Figure 1 shows incident users with T2DM with a recorded HbA1c before and after the index date and a significant reduction of −0.50% HbA1c units at 6 months (n = 711) and −0.52%-unit at 12 months (n = 538) following their first registration of the FreeStyle System in the NDR (p < 0.0001 in each case; Figure 1). The decrease was similar for truly naïve users, with reductions at 6 months of −0.67%-unit and −0.66%-unit at 12 months (p < 0.0001 in each case). Users with unknown prior use of CGM also experienced a decrease in HbA1c at 6 months (−0.43%-unit; p < 0.001) and at 12 months (−0.49%-unit: p < 0.0001). In the small group of T2DM users with documented prior use of CGM, there were no significant changes in HbA1c from baseline either at 6 or 12 months.

Figure 1.

Change in HbA1c in type 2 diabetes at 6 and 12 months after first registration of the FreeStyle Libre system.
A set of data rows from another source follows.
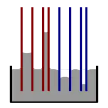 Від явища змочування залежить поведінка рідини в тонкій (капілярній) трубці, зануреній у неї. У разі змочування рідина в трубці піднімається над рівнем вільної поверхні, у протилежному випадку — опускається. Висоту капілярного підняття (опускання) рідини знаходять за формулою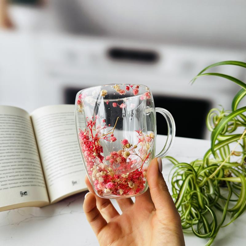 Оригінальна чашка з ефектом "замороженого" букета всередині - це не просто посуд, а справжній витвір мистецтва. Між подвійними скляними стінками композиція з натуральних сухоцвітів, яка не в'яне і дарує затишок щодня. Переваги: • Подвійні стінки довше зберігають температуру напою і не обпалюють руки. • Унікальний дизайн: кожна чашка – з неповторною композицією із сухоцвітів. • Екологічні матеріали – боросилікатне скло, безпечне для здоров'я. • Ідея для подарунка – підходить для будь-якого приводу.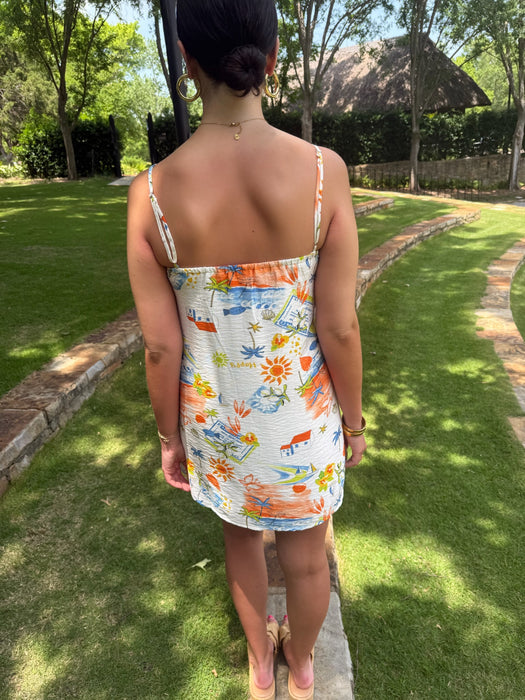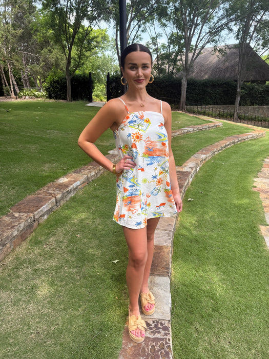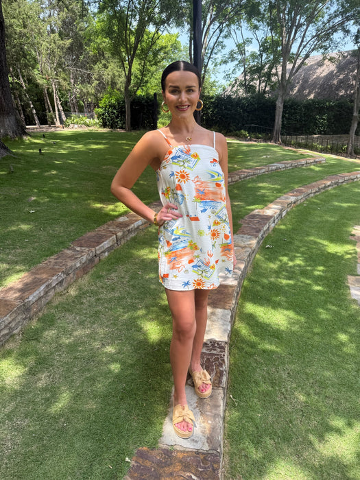 Escape to a Mediterranean daydream with this vibrant Cami Dress! The playful print and breezy design make it perfect for any summer occasion. Let this dress transport you to the crystal clear waters and warm sunshine of the Mediterranean. Embrace the fun and excitement with this must-have dress! The straps are adjustable.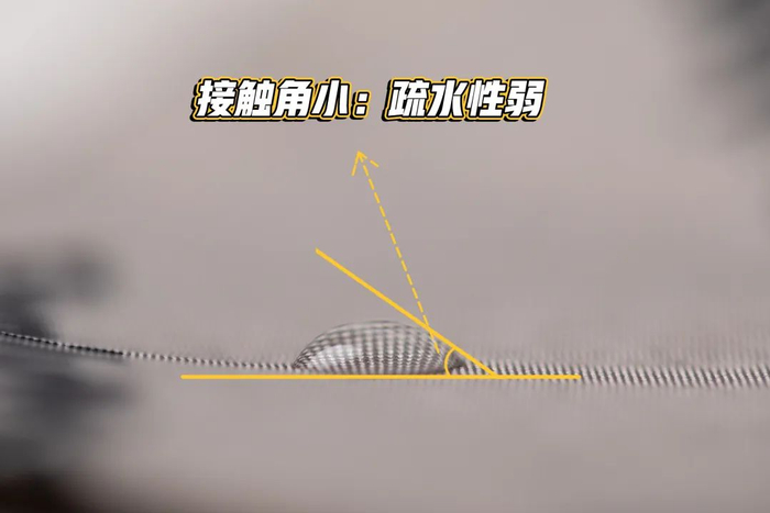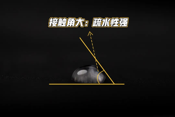 疏水能力可以用接触角说明,液体与固体表面之间的接触角越大,润湿性越小,疏水性越强。

Change in HbA1c at 6 months stratified by baseline HbA1c

Reductions in HbA1c for people with T2DM on insulin therapy were greater as baseline HbA1c increased (Table 4), with a decrease of −3.6%-unit (95% CI −4.6, −2.7) for all incident users with HbA1c ≥12.0%. No significant change in HbA1c was observed for users with baseline HbA1c <8.0% (Table 4). Insulin users with HbA1c ≥12.0% had the greatest reduction amongst people with T2DM with unknown prior experience of CGM (−4.2%-unit, p < 0.0001). However, the total number of incident users on insulin with HbA1c ≥12.0% is small (n = 25).

Table 4.

Change in HbA1c at 6 months in T2DM treated with insulin stratified by baseline HbA1c.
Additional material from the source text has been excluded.